R Bioconductor Install (or, where’s my “graph” package?)

Users reported that an R package I use, gRbase, "doesn't work". I had to watch them try it and read the error messages.

When you try

> install.packages("gRbase", dep = TRUE)

The packages "gRbase" depends on other packages, like "graph", and the messages tell you that those other things are unavailable. So the install fails. Then you try to install graph, and that fails. It says that there is no "graph" for R version 2.15.3.
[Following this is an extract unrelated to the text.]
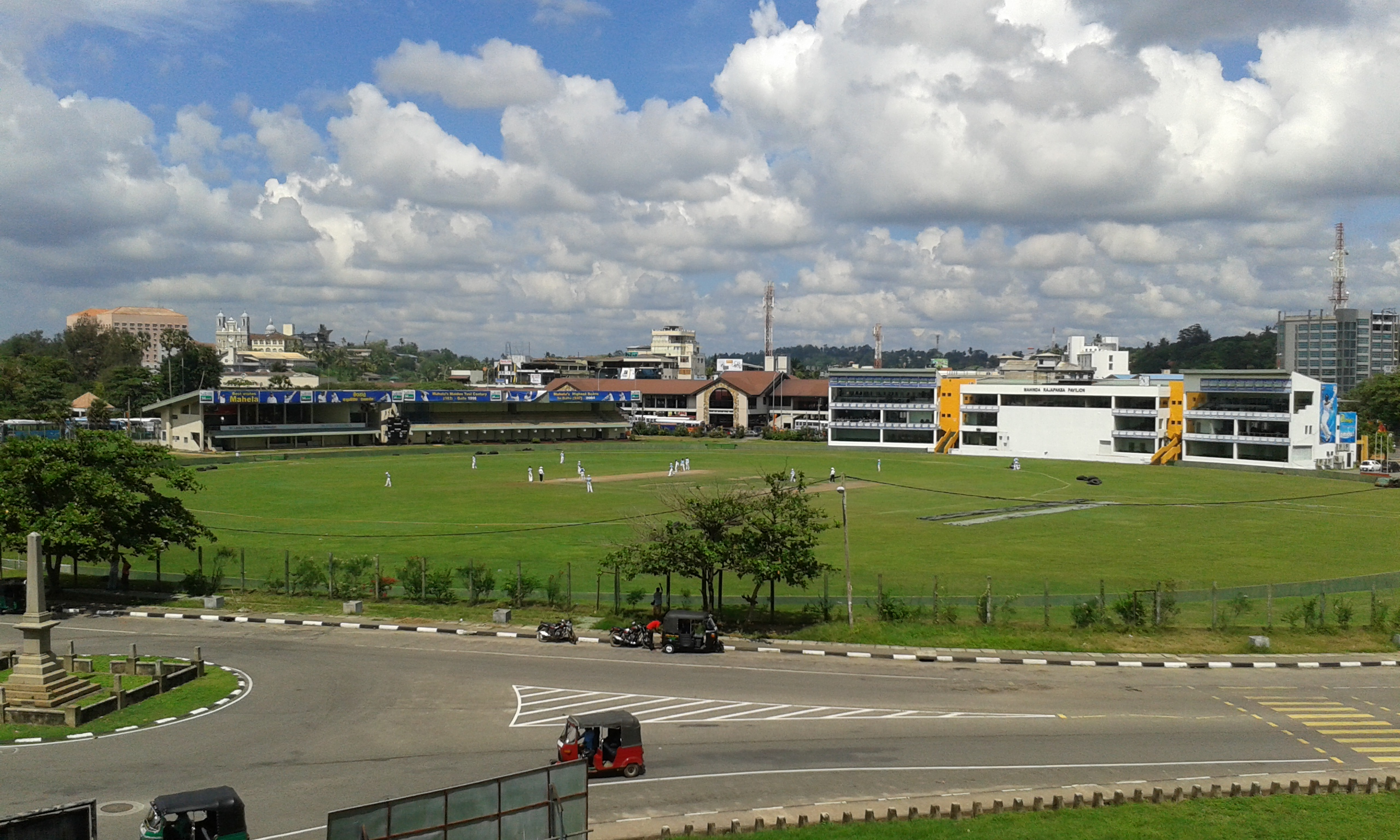 Galle International Stadium, view from Galle Fort.

Following up, I realized that "graph" is now on Bioconductor with some other really good packages. Bioconductor is a supplementary repository, one of the leaders in Bioconductor is Robert Gentleman, who was a founder of R.
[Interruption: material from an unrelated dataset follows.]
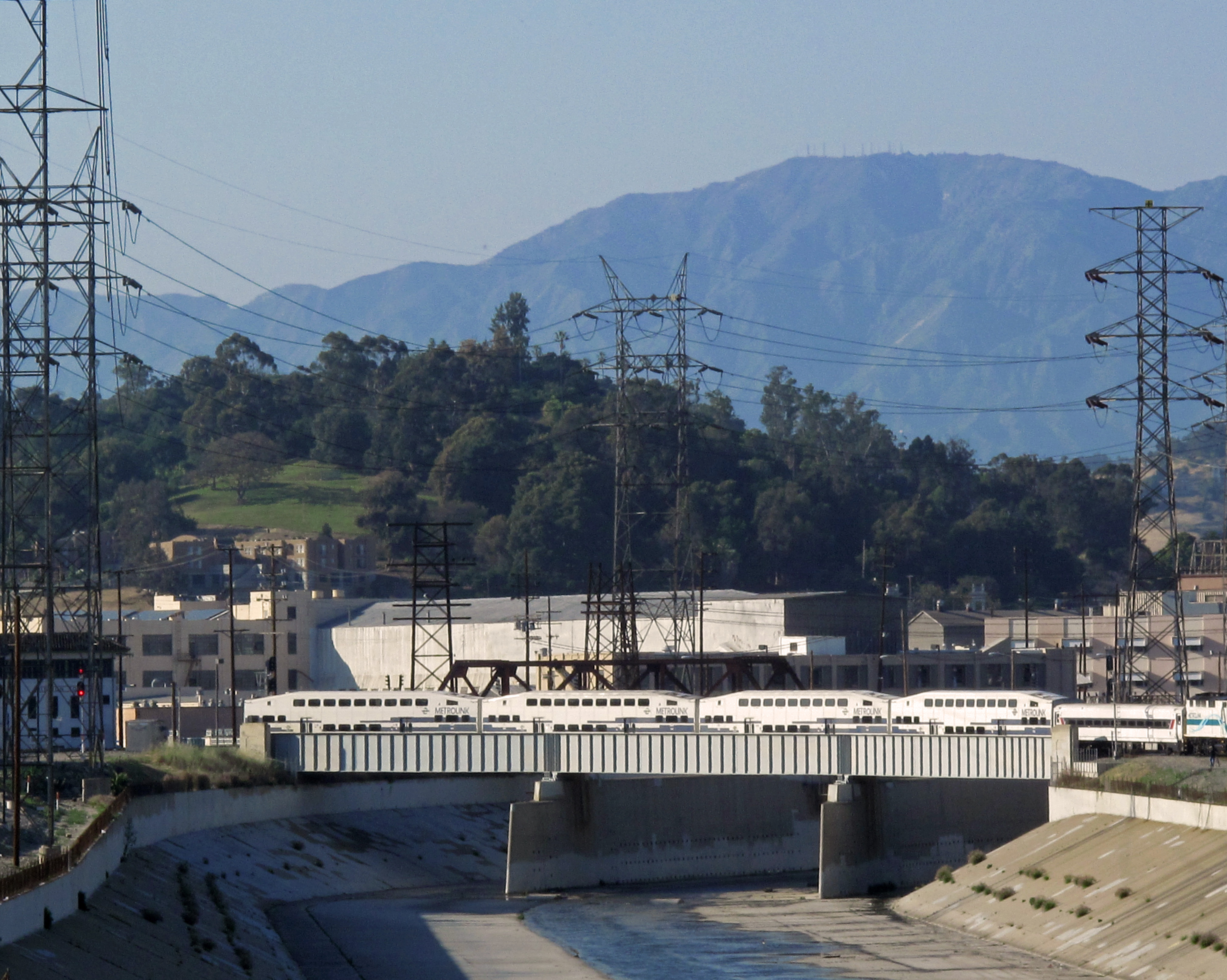 Metrolink commuter train heading north from Union Station, Los Angeles, California, crossing the Los Angeles River. Local time 17:45. At far right is a leased Comet I coach.

How to install that? Read at

http://bioconductor.org/install

The simplest way is to rely on the script they wrote to configure everything automatically.

> source("http://bioconductor.org/biocLite.R")
> biocLite("graph")

Here's what I see:

> biocLite("graph")

BioC_mirror: http://bioconductor.org
Using Bioconductor version 2.11 (BiocInstaller 1.8.3), R version 2.15.
Installing package(s) 'graph'
trying URL 'http://bioconductor.org/packages/2.11/bioc/src/contrib/graph_1.36.2.tar.gz'
Content type 'application/x-gzip' length 941743 bytes (919 Kb)
opened URL
==================================================
downloaded 919 Kb

* installing *source* package ‘graph’ ...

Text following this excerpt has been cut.